And other times when you think you should push through you really should listen to your fear and back down to avoid getting injured.

Unfortunately 99% action sport athletes don’t know when to listen to their fear which causes them to lose their confidence, second guess, overthink and at worst, get seriously injured.

As you read through this article you’ll learn 3 simple methods when to listen to your fear and when not to.


Every single athletes at some point start second guessing their abilities, freeze or choke up and can’t make themselves to commit doing the trick, move or maneuver.

The reason for this is our body’s automatic response to potential danger.


Fear in psychology is often referred as the “Fight or flight (or freeze)” response.

Fear developed as an internal protection mechanism against potential danger over thousands of years when we were still hunter gatherers on the savannah trying to survive in the wild.

That’s when you needed to immediately recognize food (a deer for example) from potential danger (a lion or bear e.g.) and decide whether to fight, freeze and play dead or flight as in run away.

Fear is your internal alert system. Its job is to keep you safe.

Fear is there to get you focused on what’s important and to make sure you “Check yourself so you don’t wreck yourself.”

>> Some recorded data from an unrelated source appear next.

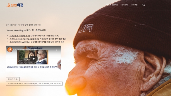 선한이웃은 ▲노인 돌봄 가족에게 근린지역 요양기관 시설별 맞춤 소개 ▲지역 장기요양기관 시설장에게는 기관운영 홍보 채널 제공 ▲전문요양보호사에게는 근무지별 상세안내로 근무 선택권 제고를 기본 기능으로 구성했다.
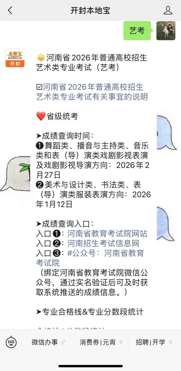 温馨提示:微信搜索公众号【开封本地宝】,关注后在对话框回复【艺考】可获河南省2026年艺考各专业成绩查询时间/入口、专业合格线、专业分数段统计表及高考更多相关信息等。
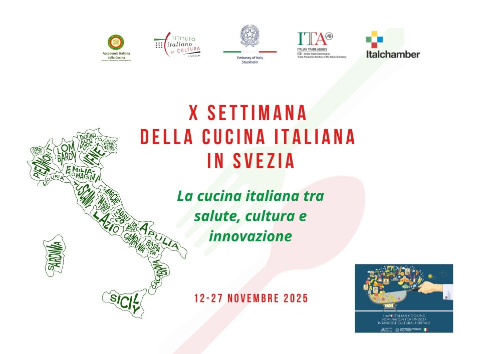 L’ultima iniziativa di questa decima edizione sarà l’arrivo nella capitale del Gourmetbus Italia, che fa tappa in Svezia in occasione della Settimana della Cucina. Un viaggio unico attraverso sapori, racconti e atmosfere che celebrano l’eccellenza gastronomica italiana. L’evento è organizzato da ENIT in collaborazione con l’Ambasciata d’Italia a Stoccolma.
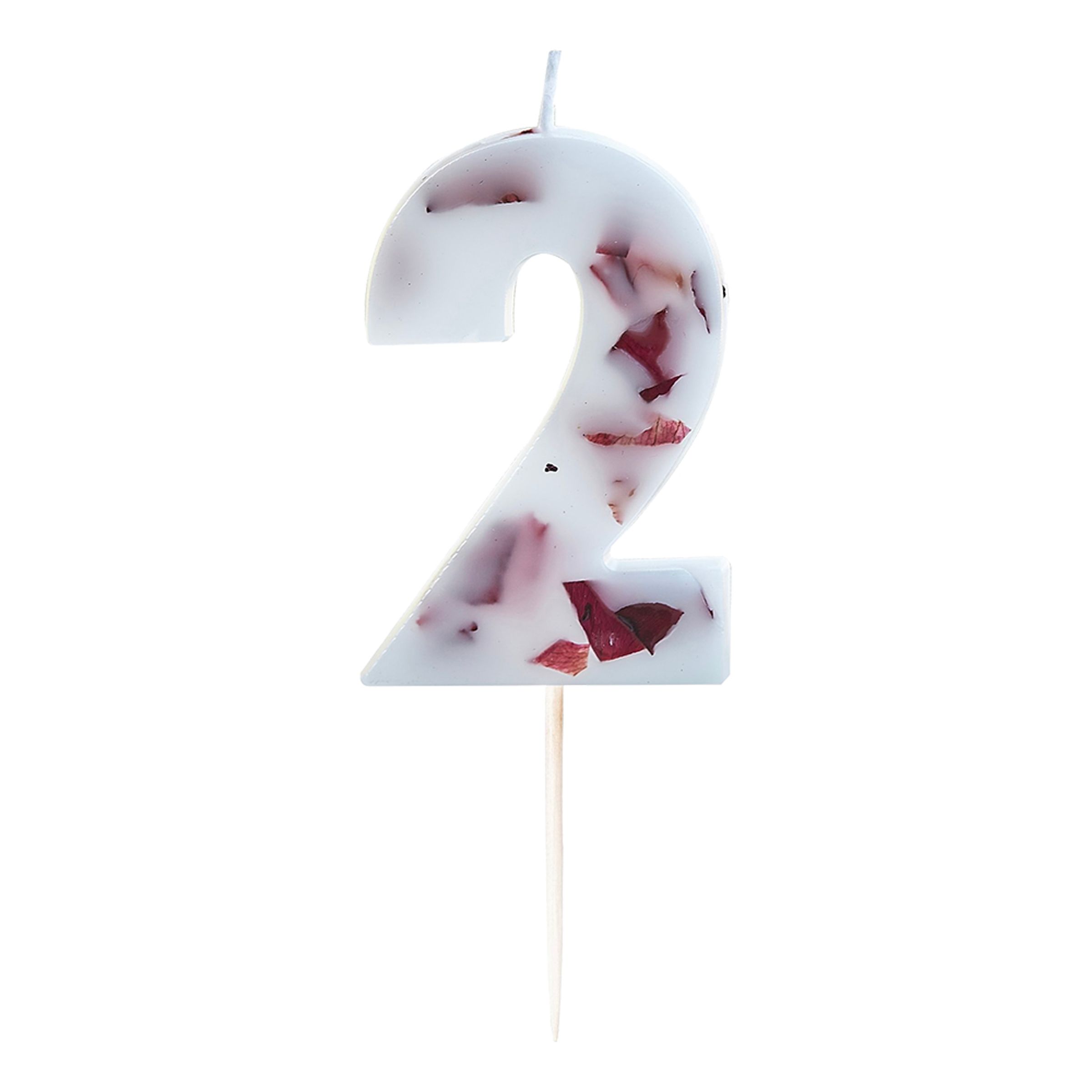 Tårtljus Siffra med Blomblad är fantastiskt vackra ljus i vit färg med torkade blomblad inuti. Ljusen är i form av den siffra du önskar, med en veke på toppen. Ljuset har en liten träpinne under som gör det enkelt att sätta ljuset i tårtan.
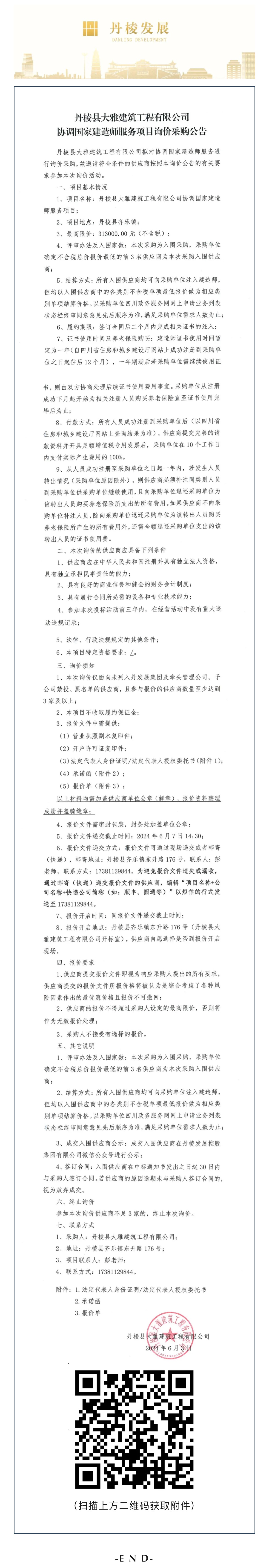 丹棱縣大雅建筑工程有限公司協(xié)調(diào)國家建造師服務(wù)項(xiàng)目詢價(jià)采購公告
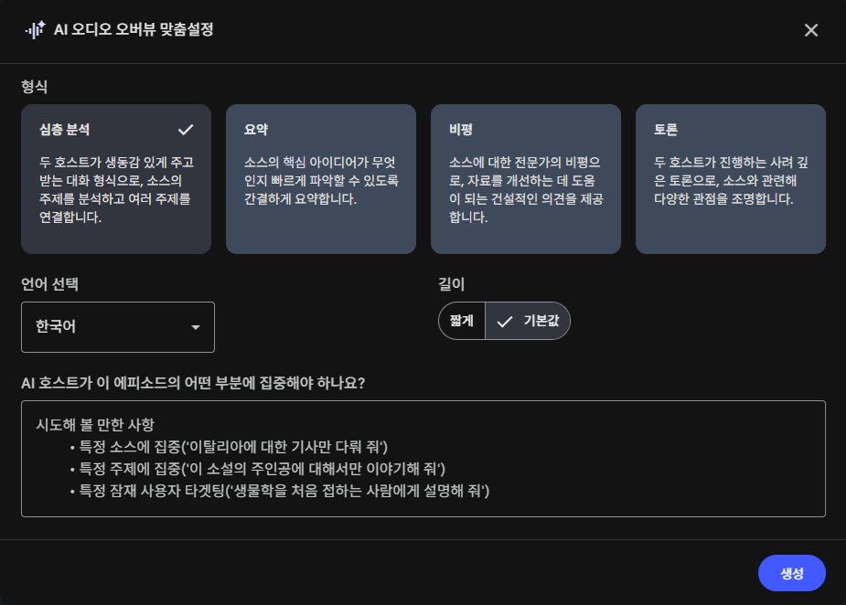특정 주제에 대해 심층 팟캐스트를 만들도록 요청할 수도 있습니다. 기본적으로는 NotebookLM의 AI 오디오 오버뷰 기능이 떠오르지만 '따로 어떤 자료를 찾아 등록할 필요가 없다'는 점이 뚜렷한 차이점입니다. 그저 다음 예시와 같이 사용자가 원하는 주제와 약간의 추가 설명(선택사항)만 등록하고 기다리면 됩니다.

Now let’s look at this psychological “fight, freeze, flight response” in terms of traffic lights.


In order for you to keep improving and consistently perform at your best you need to understand when you should listen to fear and when to disregard it.

Most athletes think fear as the red stop light of traffic lights but there’s more to it.

It’s crucial that you understand how to interpret your fear in order to make consistent progress.

1. Freeze = Yellow light

As athletes when we face a situation that’s way beyond our current level of abilities we often choke up, get paralyzed or freeze.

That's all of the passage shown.